怀承眉心结紧,她做着这样的打算的。他既有一刻放心,又马上提起了别的担忧。她没想过自伤,很好,可她想的伤人,却也太惊险了些。
他抬头看着她,受了伤,又受了折磨,清晰可见的面色苍白下去,眼睛黝黑得愈加明亮,凝神时的目光仿佛能穿透人心。
“云澜,忘了这一段吧,往前看!”他说,停顿在这儿,云澜目光落在他眉心,听见他说:“别的事,我会处理的,好么!”
听起来是在问她,可其实,他说得尤为坚定,没有询问的意思。
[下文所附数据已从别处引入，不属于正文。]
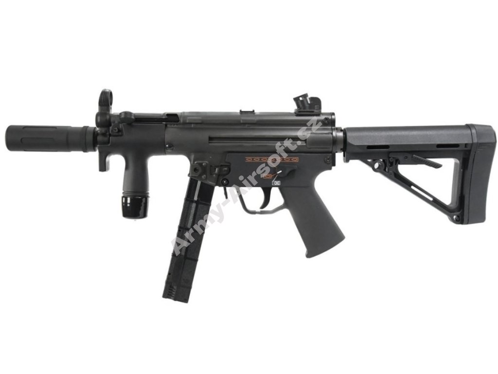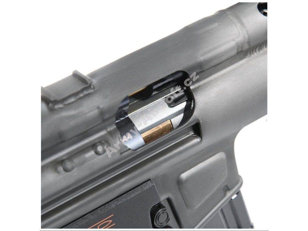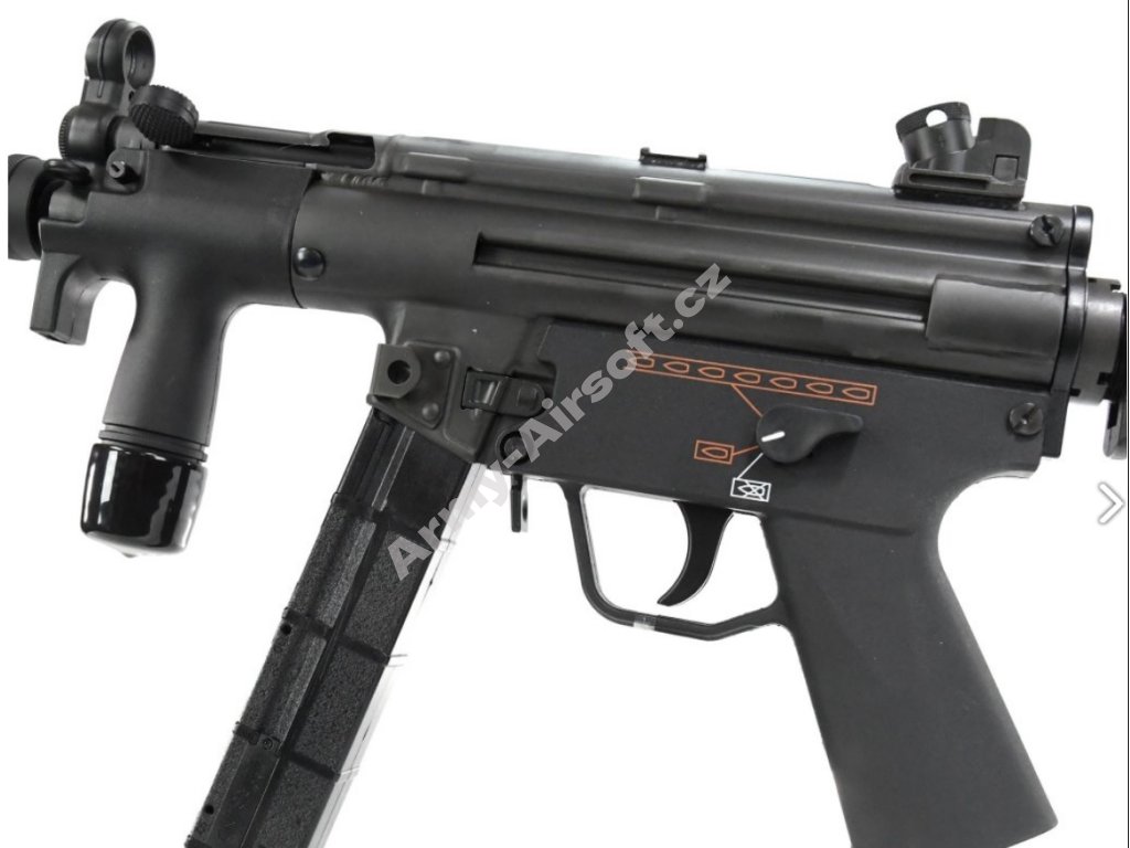 Pokud se bojíte atypického mechanismu, není důvod. Mechabox ve zbrani používá standardní díly pro mechabox verze 2. Je ovšem otázkou, zda budete mít důvod nějaké měnit. Vždyť silové díly jsou špičkové kvality a eloxované v zelené barvě. V mechaboxu najdete zátěžová kola BOLT, odlehčený duralový píst s celokovovým ozubením, CNC duralovou hlavu pístu a hlavu válce. Pouze trn pružiny má lehkou úpravou pro BRSS systém. Zbraně řady BOLT MP5 navíc využívají běžné zásobníky pro AEG zbraně.

云澜那时没有很理解,是许多年后才明白的。
第二天一早,云澜因为精神不好,昏昏沉沉时睡时醒,她凌晨时做了追凶的梦,梦里有人拉着她的手,她用力的想看清他,他始终没回过头,青灰的梦境里,她看不清他侧脸,醒来时,只记得他手里的温度。
她坐在床沿上,久久的回忆着……
如果不是蔡伯在前门张罗着贴春联,他们几乎同时忘了,这天已经是除夕了。伍姐烧了一碗浆糊搁在门厅的地上,一边仰着头,给蔡伯扶着四方桌子,看他登在一张摞在桌面的条凳上,颤巍巍的挺不直腰身。
“蔡伯,我来!”怀承正下楼,远远看见,已经快步跨出来,“你先下来,我来贴。”
“哎哎,不用,哪能支使起客人来了。”蔡伯一手举着红纸,连连摇手。
“我看你还是算了吧,怀承少爷不用摞凳子,就贴好了,看你这样……,跌下来,我可扶不住你。”伍姐快人快语。
云澜因为走动不便,本是怀承陪她下楼的,这时,自己小心一级级走下来,也朝他们这边望着。
怀承已经伸手拉蔡伯助他爬下来,伍姐眼尖,远远看见云澜下楼的身影,扔下蔡伯,伸着头道:“聂小姐下来了,真是呢,多下来走走,好过总闷在房里,我来扶你。”
她眼明手快的抢步过来,一把搀住云澜的手臂,把云澜拉得一趔趄。云澜下意识的抬手捂住颈上伤口。怀承正接替了蔡伯的位置,又赶紧低头来叮嘱伍姐:“她可以走,伍姐,你不必扶着她。”
伍姐疑惑的扫了眼云澜颈上的纱布,手上松开些,“那,饿了吧,来来来,我那里一早包好的小馄饨,专为等你起来,就煮出来呢。”她说着话,虚抬着手引云澜往餐厅去坐,脸上笑得热情洋溢。
云澜边走边两眼殷殷的朝怀承方向望着,他刚贴好了横批,弯腰下来从蔡伯手里拿浆糊碗,补贴一下边角,趁空也看她一眼,正看见她目光里求救的信号,抿着唇角忍着笑,向她摆了摆手,示意她先跟着进去,做着口型告诉她:“我马上来。”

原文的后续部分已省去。